TASK GOAL = Among the entries below, retype exactly the lines starting with the one with "Là aussi, les" and going on through the one with "DUVETICAのブランドア", but not the pictures.
---------- RECORDS FOR THE TASK ----------
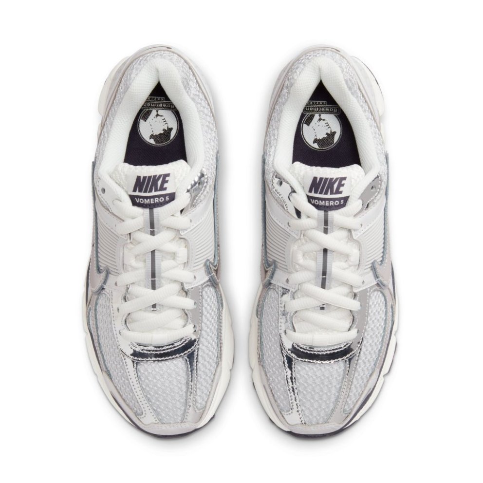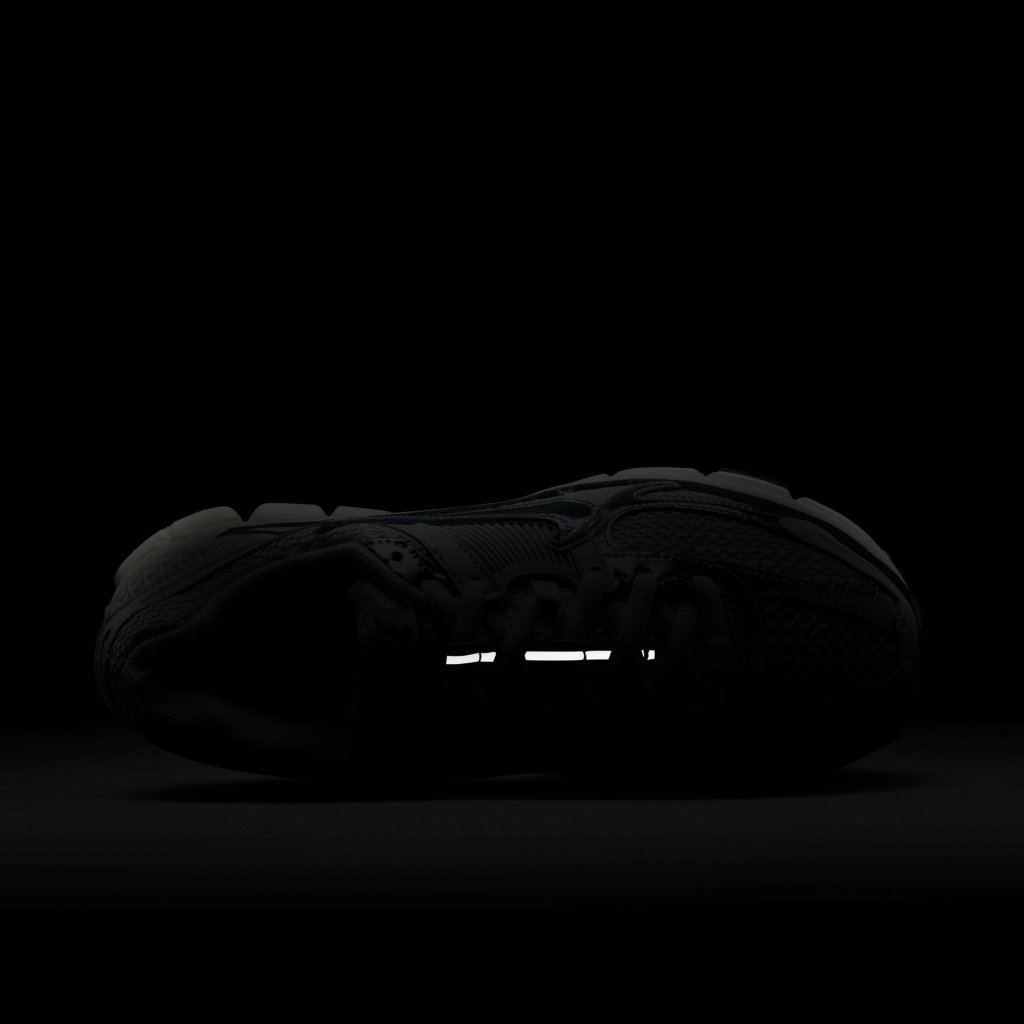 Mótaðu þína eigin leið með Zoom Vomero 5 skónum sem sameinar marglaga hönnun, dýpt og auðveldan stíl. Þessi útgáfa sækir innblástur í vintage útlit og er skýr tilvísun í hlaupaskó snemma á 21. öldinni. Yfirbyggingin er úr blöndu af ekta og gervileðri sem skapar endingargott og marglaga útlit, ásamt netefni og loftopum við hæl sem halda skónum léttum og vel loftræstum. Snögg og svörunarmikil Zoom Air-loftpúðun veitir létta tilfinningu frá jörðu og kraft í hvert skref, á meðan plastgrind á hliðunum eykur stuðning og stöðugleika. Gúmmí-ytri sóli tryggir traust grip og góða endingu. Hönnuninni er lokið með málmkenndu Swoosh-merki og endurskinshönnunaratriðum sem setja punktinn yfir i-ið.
----------
---------- RECORDS FOR THE TASK ----------
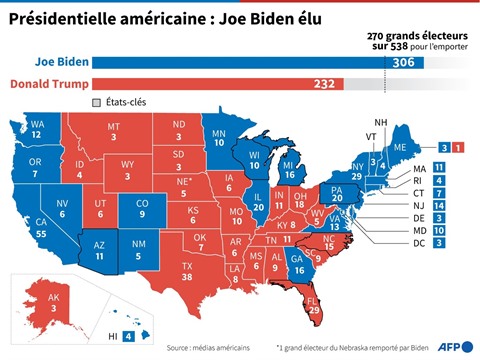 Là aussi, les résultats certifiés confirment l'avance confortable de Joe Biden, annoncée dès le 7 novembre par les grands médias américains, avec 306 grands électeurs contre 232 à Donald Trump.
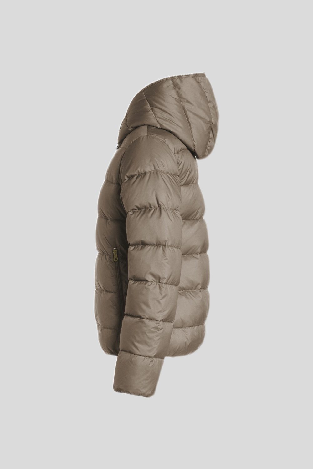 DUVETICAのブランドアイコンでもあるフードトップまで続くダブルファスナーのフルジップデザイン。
----------
---------- RECORDS FOR THE TASK ----------
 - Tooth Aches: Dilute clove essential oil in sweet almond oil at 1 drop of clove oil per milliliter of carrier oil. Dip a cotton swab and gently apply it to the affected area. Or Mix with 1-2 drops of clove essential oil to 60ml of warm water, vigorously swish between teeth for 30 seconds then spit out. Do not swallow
----------
TASK ANSWER =
 Là aussi, les résultats certifiés confirment l'avance confortable de Joe Biden, annoncée dès le 7 novembre par les grands médias américains, avec 306 grands électeurs contre 232 à Donald Trump.
 DUVETICAのブランドアイコンでもあるフードトップまで続くダブルファスナーのフルジップデザイン。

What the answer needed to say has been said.